Gene References Into Functions
  1. The CRK20 gene demonstrates rapid induction in response to both ozone (O3) and Pseudomonas syringae. Disruption of the CRK20 gene results in a restriction of bacterial growth. PMID: 21742407
Database Links
Protein Families
Protein kinase superfamily, Ser/Thr protein kinase family, CRK subfamily
Subcellular Location
Membrane; Single-pass membrane protein.

Q&A

What is CK20 and what are its primary research applications?

Cytokeratin 20 (CK20) is a type I keratin protein that serves as a well-established marker for colon epithelium and has significant applications in pathology and cancer research. As a diagnostic biomarker, CK20 antibodies are primarily utilized in immunohistochemistry (IHC) and Western Blot (WB) applications to identify and characterize colorectal tissues, Merkel cell carcinoma, and other gastrointestinal malignancies . The most distinctive feature of CK20 in diagnostic pathology is its characteristic perinuclear dot-like staining pattern in certain cancers, particularly Merkel cell carcinoma . Research applications of CK20 antibodies include tumor classification, analysis of circulating tumor cells, and investigation of metastatic pathways in colorectal and other epithelial cancers.

How do researchers select the appropriate CK20 antibody clone for their studies?

Selection of the appropriate CK20 antibody clone depends on the specific research question, target tissue, and experimental methodology. Recent comparative studies have demonstrated that different clones exhibit varying performance characteristics. For example, when comparing CK20 antibody clones Ks20.8 and SP33 for diagnosing Merkel cell carcinoma, researchers found that while both clones showed positive results in 96.3% of cases (52 out of 54 patients), clone SP33 demonstrated aberrant staining in areas of necrosis, whereas Ks20.8 showed no such non-specific staining . Therefore, for studies requiring high specificity, particularly in tissues with necrotic regions, clone Ks20.8 may be preferable. When selecting an antibody clone, researchers should consider:

  • Target application (IHC vs. Western blot)
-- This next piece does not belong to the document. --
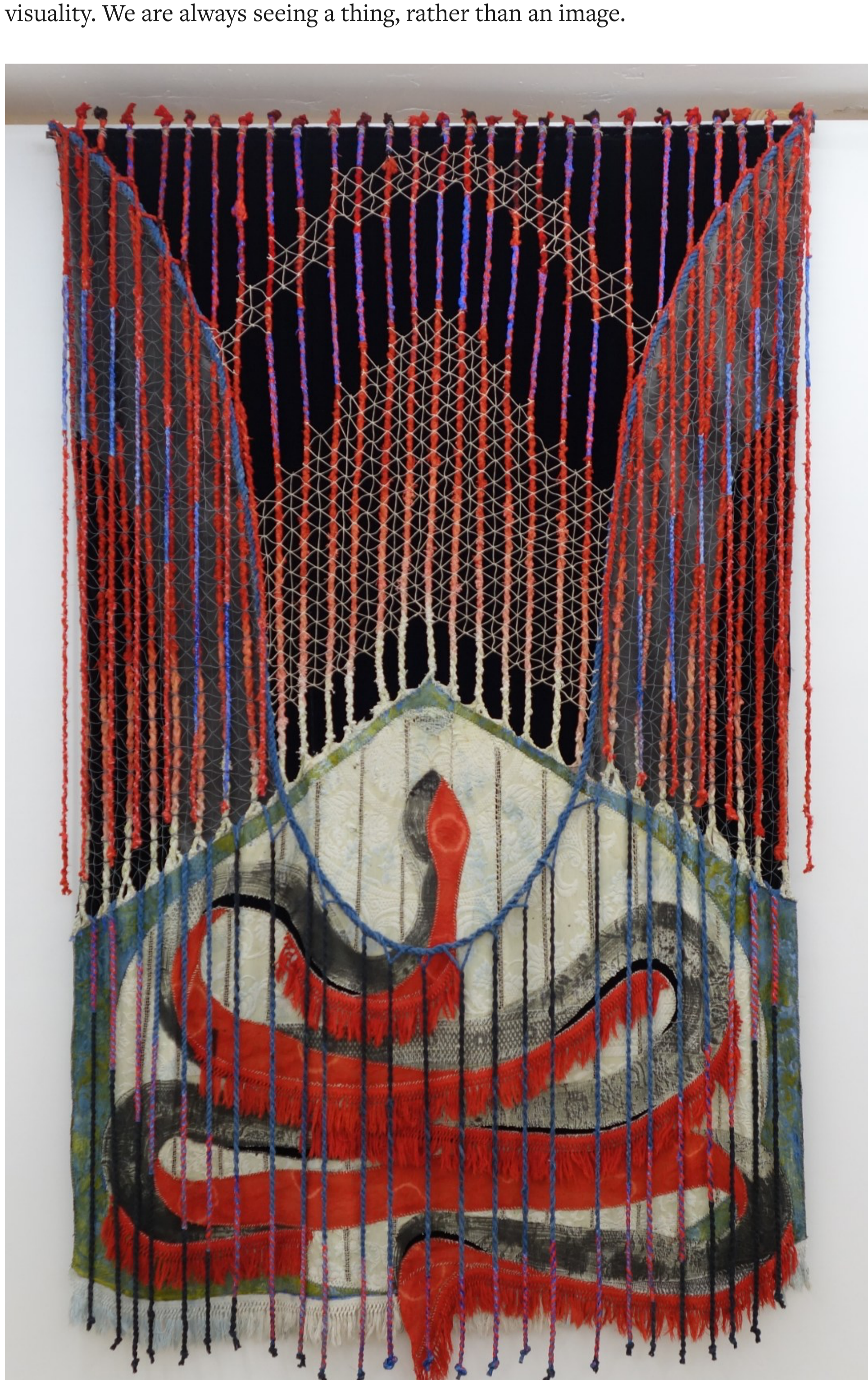
Julia Bland, "Nest" (2017), bedspread, velvet, canvas, wool, linen threads, wax, dye, ink, and oil paint, 112 x 66 inches

There are a lot of things to scrutinize in these works, from the color and surface of each section, to the different materials and processes that Bland has employed, to her pictorial synthesis of geometry and representational form. She is particular about every inch of the surface, from the weave to the color to the kinds of stitches she makes. One constant in Bland's work is the interplay between tactility and visuality. We are always seeing a thing, rather than an image.

  • Species reactivity (most CK20 antibodies are specific to human tissues)

  • Clone-specific staining patterns and potential for non-specific binding

  • Validation data in tissues relevant to the research question

  • Compatibility with available detection systems

Research has consistently shown that antibody clone selection significantly impacts experimental outcomes, particularly in diagnostic applications.

What are the recommended storage and handling protocols for CK20 antibodies?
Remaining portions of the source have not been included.